In this issue of REF News and Views, we will discuss the use of several versus joint and several liability of guarantors in real estate finance transactions. Of late, some borrowers have been successful negotiating several liability for sponsors under guarantees in their transactions.

Historically, if there were multiple guarantors on a matter, their liability was joint and several. The thinking for a lender was that any contribution among the parties was the sponsor’s “problem” in that if there was liability caused by one or the other parties, they would work it out among themselves in their organizational documents through cross indemnities. Since it is not uncommon that various parties which constitute the sponsorship of a borrower have differing economic profiles, some parties have questioned their ability to recover against their “partner” and try to shift this risk to the lender.

When liability is joint, a lender can sue either party or both and can recover the obligation it is owed from either. The lender is receiving the joint credit of both parties. If the parties have a different percentage of liability among themselves, then if one paid more than its fair share, it would have a claim for contribution from the other and could seek recovery. The lender would not be taking on the individual credit risk, but would be obtaining the joint credit of the parties.

If the liability is several, then simply put, a lender is usually limited in its recovery against each party to the respective percentage of liability it has in the deal. So if the “joint venture” is between a “money“ partner who has 90% of the deal and a “developer” or “operating” partner who has 10% of the deal, then the lender would be limited in its recovery against each such party to that respective percentage. Leaving aside the shifting of credit risk, the lender is also taking on additional litigation cost and exposure.

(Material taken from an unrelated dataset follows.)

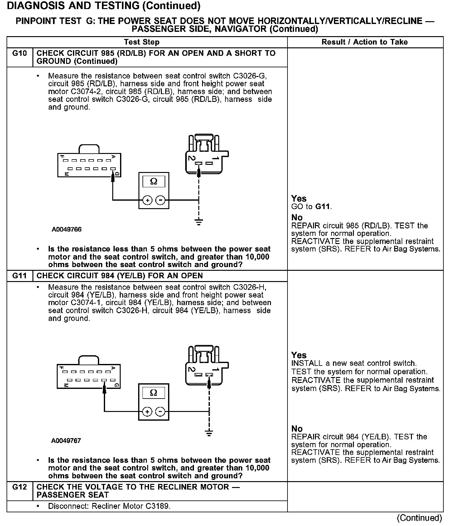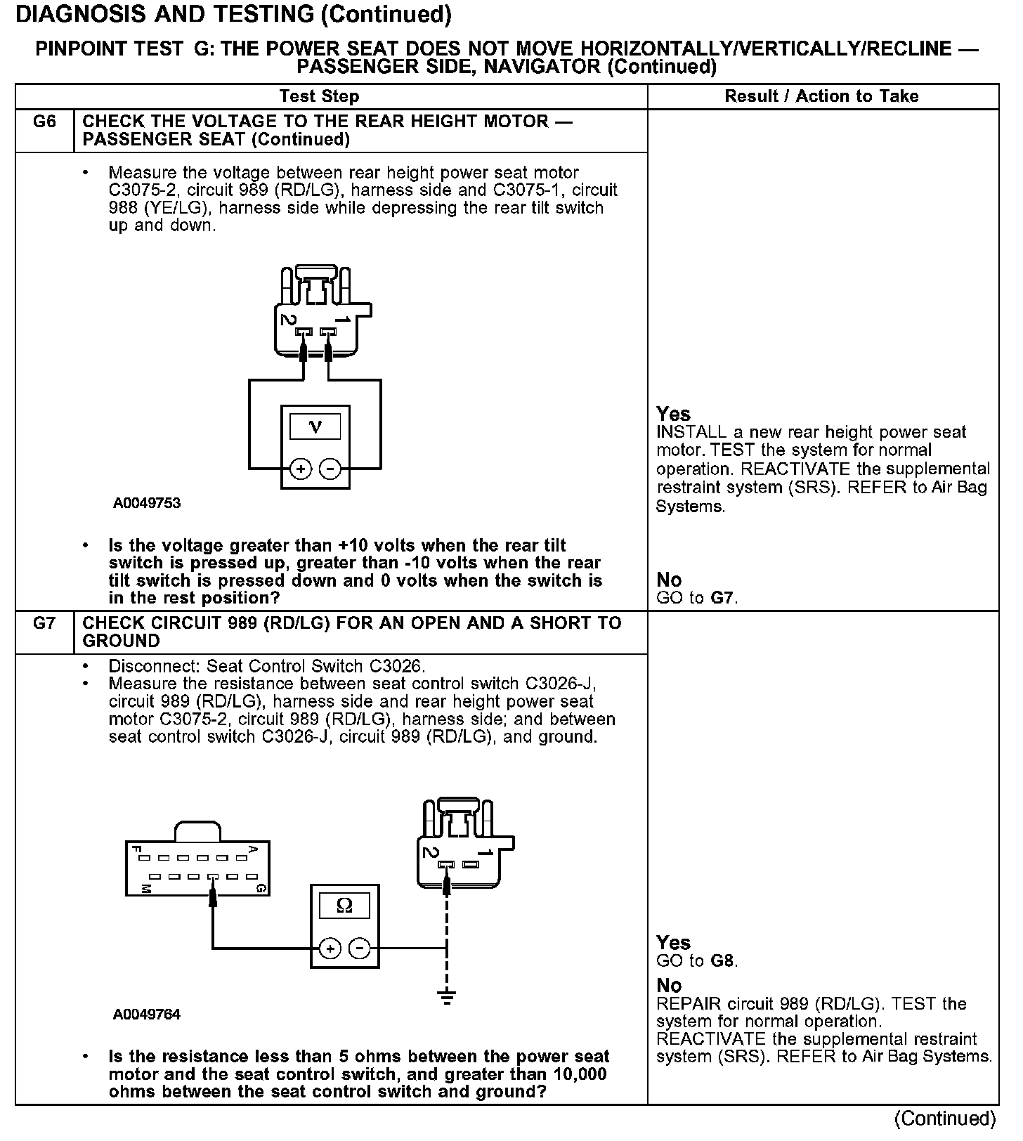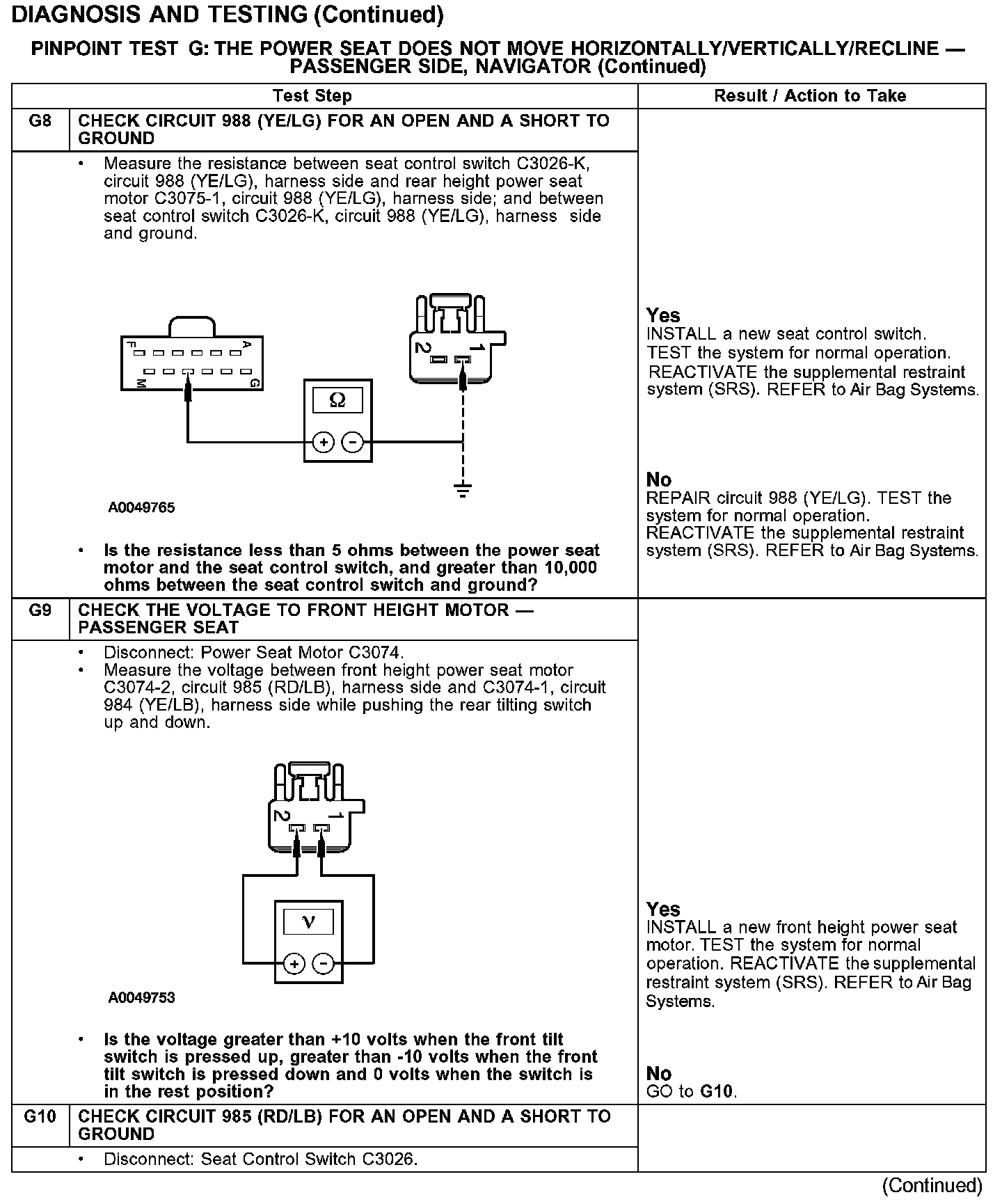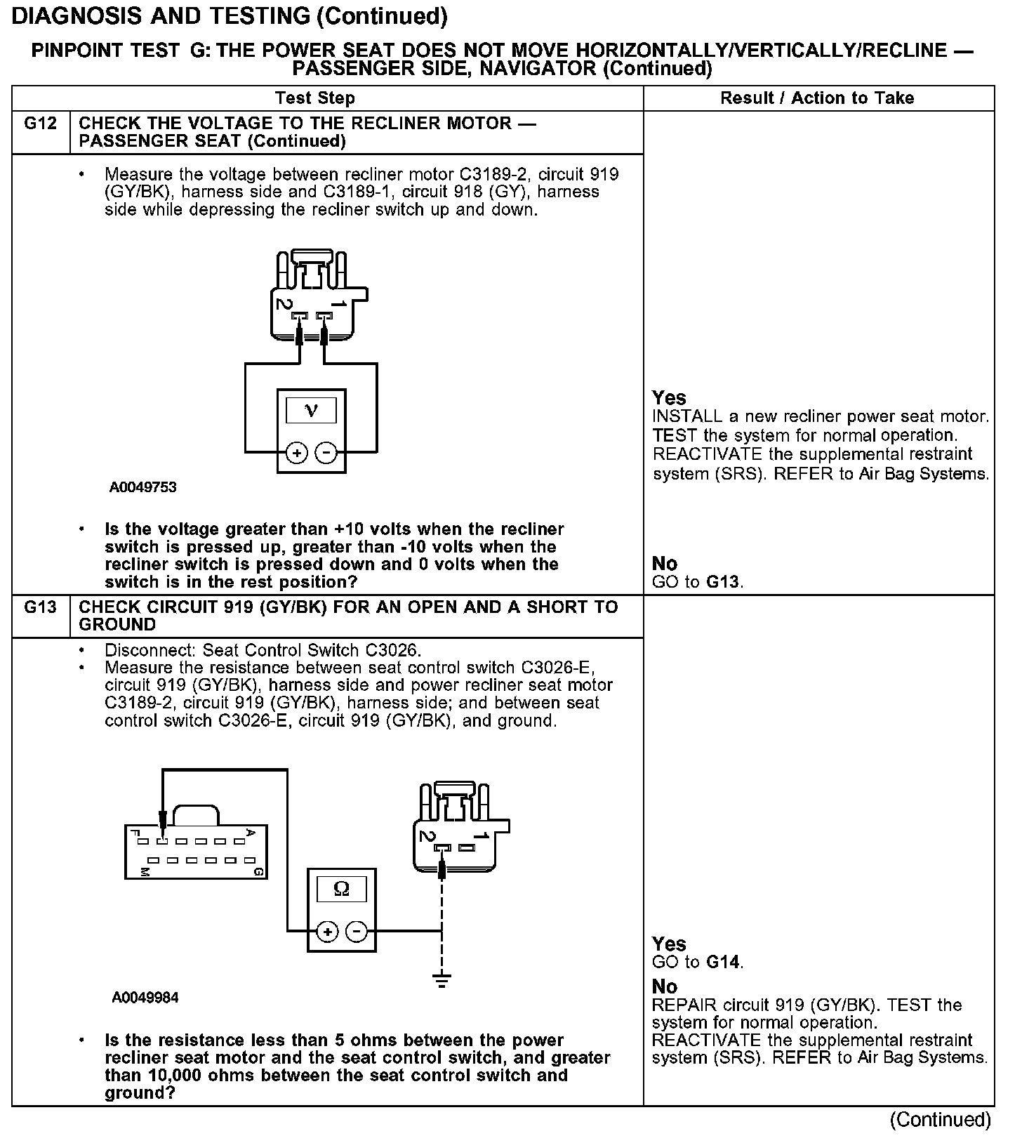 PINPOINT TEST G: THE POWER SEAT DOES NOT MOVE HORIZONTALLY/VERTICALLY/RECLINE - PASSENGER SIDE, NAVIGATOR

While there are a multitude of reasons why a lender should not or would not agree to such a shift, in reality there are instances where the identity of the parties, leverage of the deal, overall economics of the deal and other factors persuade a lender to accept this departure from the norm.

The jury is still out as to whether this development will become the new normal. We are skeptical that it will evolve as such.

There are many ways to satisfy the concerns that one partner may have as to the financial wherewithal of its partner and, consequently, there are many reasons that a lender should not be asked to take on this additional liability. In addition, each guaranty in a transaction is different, and a payment guaranty will be approached differently than a completion guaranty, a carve-out guaranty, a carry guaranty or an environmental indemnity.

As we all know, each transaction is different and what works in one may not work in all. This development is just another “deal” term to be worked out among sophisticated parties.